### What you need to do
Beneath this task are the entries; from the line with "Bērnu elastīgās šlepes" through the last one, transcribe every line exactly and nothing else, skipping pictures.

### Materials provided
• • • •

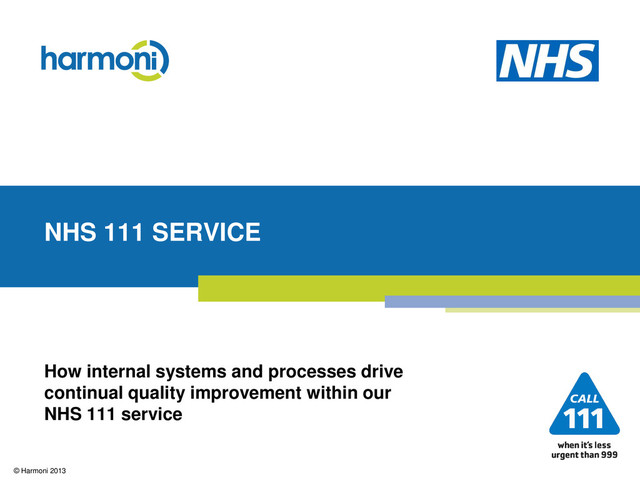 service is a singular point of access for the public to use when needing health care and advice • It is designed to facilitate calls which are less urgent than 999 (however still incorporates 999 process when required) • It is a national program designed to meet the local requirements of an area
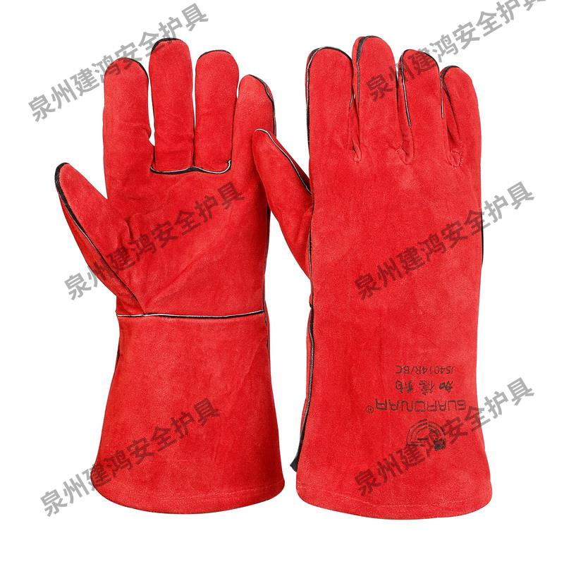 隔熱焊工防護(hù)手套,梔形拇指,牛皮加強(qiáng)掌面,加長(zhǎng)袖口長(zhǎng)14cm,可有效防護(hù)機(jī)械風(fēng)險(xiǎn),防火防燃、抗傳導(dǎo)熱與接觸熱,同時(shí)可防止小滴熔化金屬濺射。
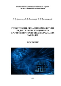 Алєксєєва, С.В. (orcid.org/0000-0002-8132-0465), Гуменний, О.Д. (orcid.org/0000-0001-6596-3551) and Паржницький, В.В. (2015) Development of information culture of pedagogical workers at vocational schools . Інститут ПТО НАПН України, м. Київ, Україна. (In Press)
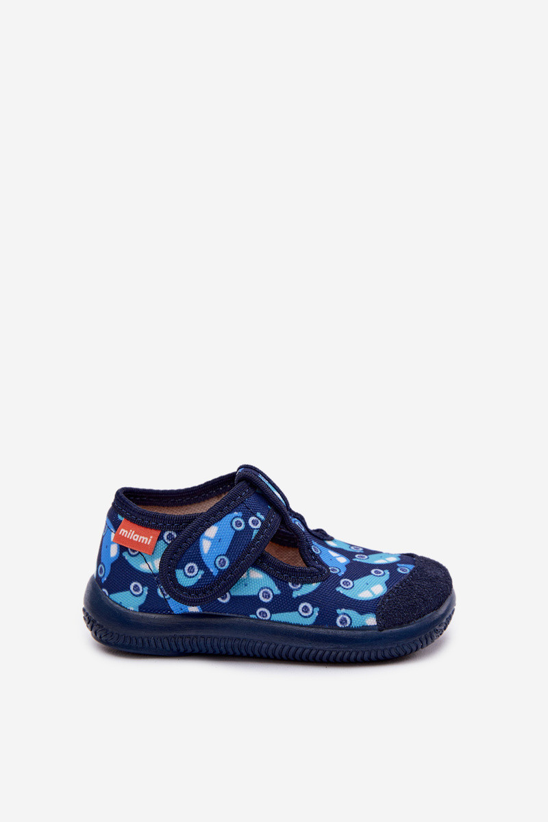 Bērnu elastīgās šlepes ar lipīgiem aizdariem tumši zilā krāsā Ambette
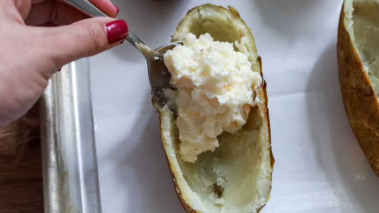 Step 13: Scoop the filling into the potato skins
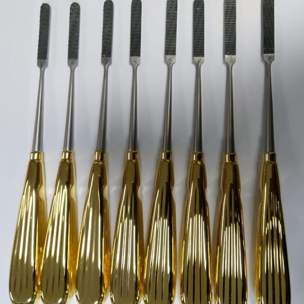 We offer other files with diverse shapes and sizes for your convenience in bone surgeries. This range allows you to customize your approach for every patient. Handcrafted With German Stainless Steel. Gold Plated

• • • •

### Your solution
 Bērnu elastīgās šlepes ar lipīgiem aizdariem tumši zilā krāsā Ambette
 Step 13: Scoop the filling into the potato skins
 We offer other files with diverse shapes and sizes for your convenience in bone surgeries. This range allows you to customize your approach for every patient. Handcrafted With German Stainless Steel. Gold Plated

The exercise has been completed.